On 11/16/2016 3:56 AM, David Pautler wrote:
> Thank you, Deborah and Dirk.
>
> Here's a use case: An embodied conversational agent whose purpose is 
> to develop greater and greater engagement with a user by encouraging 
> the user to talk about their current life, and which /*mirrors*/ user 
> affect as detected from prosody and facial expressions through either 
> its own facial expressions or unobtrusive speech such as "uh huh" or 
> "eww".
>
> The MACH system does mirroring as part of its role as a virtual 
> interviewer (http://hoques.com/MACH.htm). I believe the SARA system by 
> Justine Cassell's group at CMU does also 
> (http://articulab.hcii.cs.cmu.edu/projects/sara/). They both appear to 
> use bespoke solutions for integrating the incremental recognition 
> results and for driving their responses that are unobtrusive (i.e. 

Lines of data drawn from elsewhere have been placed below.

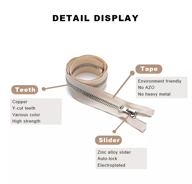 De gerecyclede metalen TRC-ritssluiting is voornamelijk gemaakt van recyclebare legeringen en polyestervezels, waardoor uitstekende duurzaamheid, gladheid en milieuverantwoordelijkheid met succes in balans zijn. Het product wordt strikt in overeenstemming met de internationale milieunormen vervaardigd, waardoor het verbruik van hulpbronnen en de ecologische voetafdruk aanzienlijk worden verminderd, waardoor het een betrouwbare garantie is voor het opbouwen van een groene toeleveringsketen en het implementeren van een duurzame ontwikkelingsstrategie.
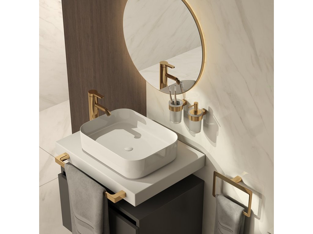 Snad inspirován pohledem na krásu Pyrenejí navrhl designér sérii doplňků PIRENEI. Masivní základna, kombinace přímých linií a zaoblených hran je spojením elegance a majestátnosti. Na výběr jsou doplňky v provedení v chromové, matné černé, matné bílé, gun metal, zlaté a matné zlaté variantě.
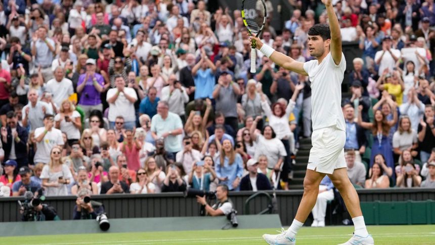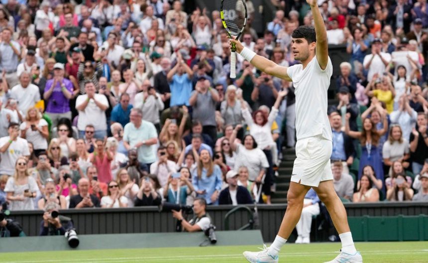 El campeón defensor Carlos Alcaraz remontó para eliminar a Frances Tiafoe 5-7, 6-2, 4-6, 7-6 (2), 6-2 para alcanzar la cuarta ronda de Wimbledon el viernes en un entretenido duelo entre dos amigos y que estuvo lleno de momentos increíbles y una serie de grandes disparos.
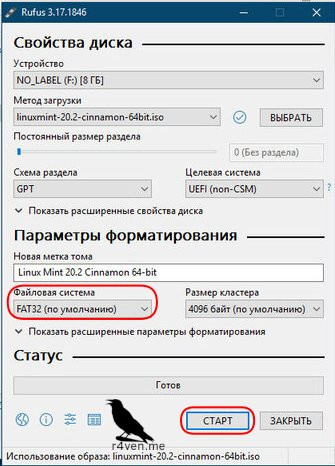 Далее удостоверимся, что для usb накопителя выбрана файловая система FAT32 или NTFS и жмакаем на кнопку СТАРТ:
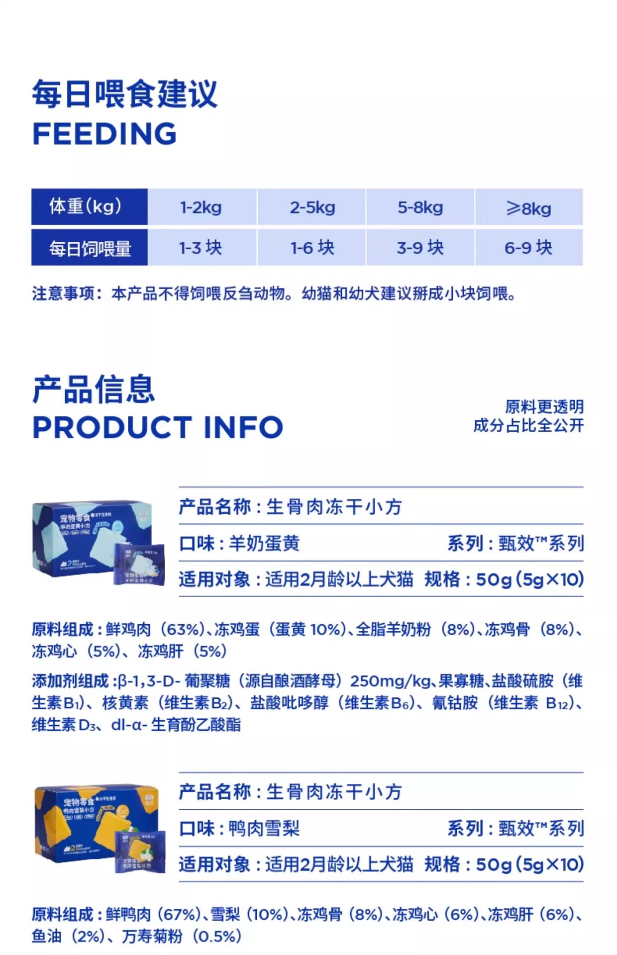 蓝氏 宠物零食【羊奶蛋黄冻干小方】猫咪骨肉猫狗乳鸽猫粮磨牙棒幼猫食物5g*10个
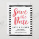 This modern and chic Save the Date card features a stylish black and white stripes background and the word "Save the Date" in red watercolor. This card also includes a patterned back side.
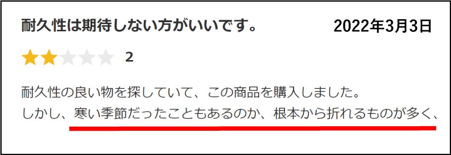 そのため、冬~春先の乾燥期は耐久力が落ちてしまい羽が折れやすくなるとのお声をいただきました。
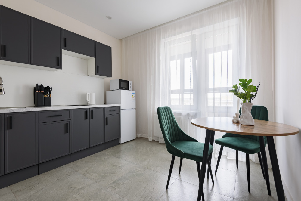 - Все необходимые кухонные принадлежности для приготовления еды (новая посуда, электрический чайник, плита, холодильник, микроволновая печь);
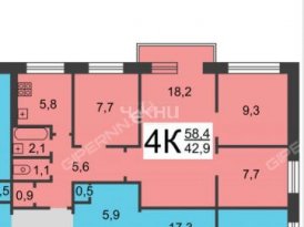 Площадь: 58.6/42.9/5.8 м²
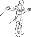 The shoulder fly (also known as a lateral raise) works the deltoid muscle of the shoulder. The movement starts with the arms straight, and the hands holding weights at the sides or in front of the body. Body is in a slight forward-leaning position with hips and knees bent a little. Arms are kept straight or slightly bent, and raised through an arc of movement in the coronal plane that terminates when the hands are at approximately shoulder height.[8] Weights are lowered to the starting position, completing one "rep". When using a cable machine the individual stands with the coronal plane in line with the pulley, which is at or near the ground.[9] The exercise can be completed one shoulder at a time (with the other hand used to stabilize the body against the weight moved), or with both hands simultaneously if two parallel pulleys are available.
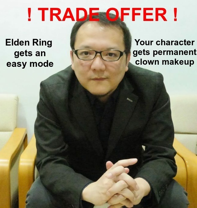 W międzyczasie – jak to w przypadku gier typu soulslike bywa – rozgorzało wiele dyskusji na temat poziomu trudności Elden Ringa. Czy będzie bardziej wymagający niż Soulsy? A może FromSoftware w końcu się ugnie i zaoferuje w swojej produkcji tak zwany „easy mode”? Skusilibyście się na takowy, nawet gdyby oznaczało to konieczność grania postacią z makijażem klauna na twarzy?

> they don't take the floor from the user).
>
> Toward a standardization, Dirk's idea of event handlers similar to 
> <noinput> seems on the right track to me, especially when combined 
> with uses of <data> that could puppeteer facial expressions. The event 
> handlers would have to allow integration with streaming input sources 
> other than incremental ASR, such as prosody recognizers or facial 
> expression recognizers. I think it would also be necessary to specify 
> a 'condition' attribute on each event handler; a condition would 
> usually require that values from prosodic recognition, facial 
> expression recognition, and SLU all be in certain classes or ranges 
> that define a coherent interpretation.
>
> A further comment for Dirk's notes on ASR integration: The system must 
> be able to trigger its own "uh-huh"s while ASR remains active, and 
> this audio will often have to be synchronized with lip motion. So it 
> may be that <data> inside a <partial> should be able to POST commands 
> to a TTS/audio server as well as to the 3D animation driver.
>
> What do you think? Does the use case need changes?
>
> Cheers,
> David
>
>
>
>
> On 16 November 2016 at 03:07, Dirk Schnelle-Walka 
> <dirk.schnelle@jvoicexml.org <mailto:dirk.schnelle@jvoicexml.org>> wrote:
>
>     Hey there,
>
>     some time ago I had some first thoughts with Okko Buss on an
>     integration of incremental speech processing into VoiceXML. Okk
>     was working on his PhD at the University of Bielefeld in the
>     domain of incremental dialogs.
>
>     We started to sketch something that we call VoiceXML AJAX. I
>     opened the Google Docs doucments to be viewed by everybody:
>     https://docs.google.com/document/d/1jVd-K3H_8UrrSYRCjmVHSqZaonHqdHdPWaLv4QSj5c8/edit?usp=sharing
>     <https://docs.google.com/document/d/1jVd-K3H_8UrrSYRCjmVHSqZaonHqdHdPWaLv4QSj5c8/edit?usp=sharing>
>
>     Maybe, this goes into the direction that David had in mind?
>
>     Thank you,
>     Dirk
>
>     > Deborah Dahl <Dahl@conversational-Technologies.com> hat am 15.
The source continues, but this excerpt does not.